15. Malatya İdare Mahkemesinin
24/3/2011 tarihli ve E.2010/733, K.2011/807 sayılı kararı ile davanın reddine
hükmedilmiştir. Kararın gerekçesi şöyledir:
"... Gerek
bakılan davanın gerekse Mahkememizde açılmış benzer nitelikteki çok sayıda
davanın incelenmesinden, komisyonların zarar iddialarının araştırılması
konusunda izlediği yöntem ile zarar miktarının hesaplanmasında esas aldığı ölçü
ve kriterlerle ilgili olarak aşağıda sıralanan belli başlı hususlar tespit
edilmiştir:
1- İnşaat bilirkişilerince binaların maliyeti
belirlenirken, Bayındırlık ve İskan Bakanlığı’nca her yıl yayınlanan Mimarlık
ve Mühendislik Hizmet Bedellerinin Hesabında Kullanılacak Yapı Yaklaşık Birim
Maliyetleri Hakkında Tebliğ hükümlerinin esas alındığı, buna göre binaların
değerinin, ev için söz konusu Tebliğ’de II. Sınıf B Grubu olarak
sınıflandırılan yapılar için öngörülen m² birim maliyet değeri;
ahır-samanlık için ise aynı Tebliğ’deki I. Sınıf B Grubu yapılar için öngörülen
m² birim maliyet değeri esas
alınarak ve yaşlarına göre belirlenen oranda yıpranma payı düşülerek tespit
edildiği, Komisyon tarafından yapılan hesaplamalarda ise, önceleri
bilirkişilerin kullandığı m²
birim maliyet değerleri esas alındığı, ancak daha sonraları bu değerler
düşürülerek köy tipi ev için I. Sınıf B Grubu'ndaki, betonarme ev için II.
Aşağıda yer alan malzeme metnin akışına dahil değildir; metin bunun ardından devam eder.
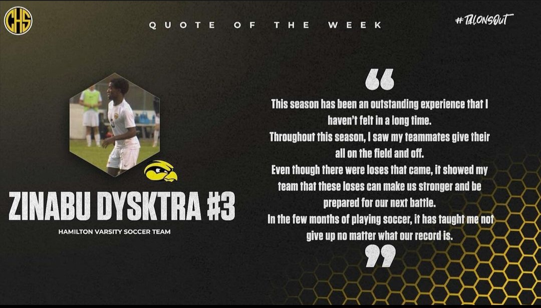 October24October 24, 2023Boys Soccer Quote of the Week From Zinabu DykstraBy CHS EditorIn Boys Soccer Fall Sports

Sınıf B Grubu'ndaki, ahır-samanlık için ise I. Sınıf A Grubu'ndaki m² birim maliyet değerlerinin esas alındığı görülmekte
olup; buna göre, komisyonca, binaların, niteliğine ve yapımında kullanılan
malzemeye göre bir ayrıma tabi tutularak köy tipi ev için I. Sınıf B
Grubu'ndaki, betonarme ev için II. Sınıf B Grubu'ndaki, ahır-samanlık için ise
I. Sınıf A Grubu'ndaki m² birim
maliyet değerlerinin esas alınmasının daha objektif ve hakkaniyete uygun
düştüğü sonucuna ulaşılarak bina zararlarının belirlenmesinde esas alınabilecek
bir kriter olduğu görülmektedir.
…
4- Komisyonun, başvuru sahiplerinin uğradığı gerçek zararı
belirleyebilmesi için öncelikle başvurucunun göç ettiği esnadaki malvarlığının
hangi kalemlerden oluştuğunu ve miktarını net olarak saptaması gerekmektedir.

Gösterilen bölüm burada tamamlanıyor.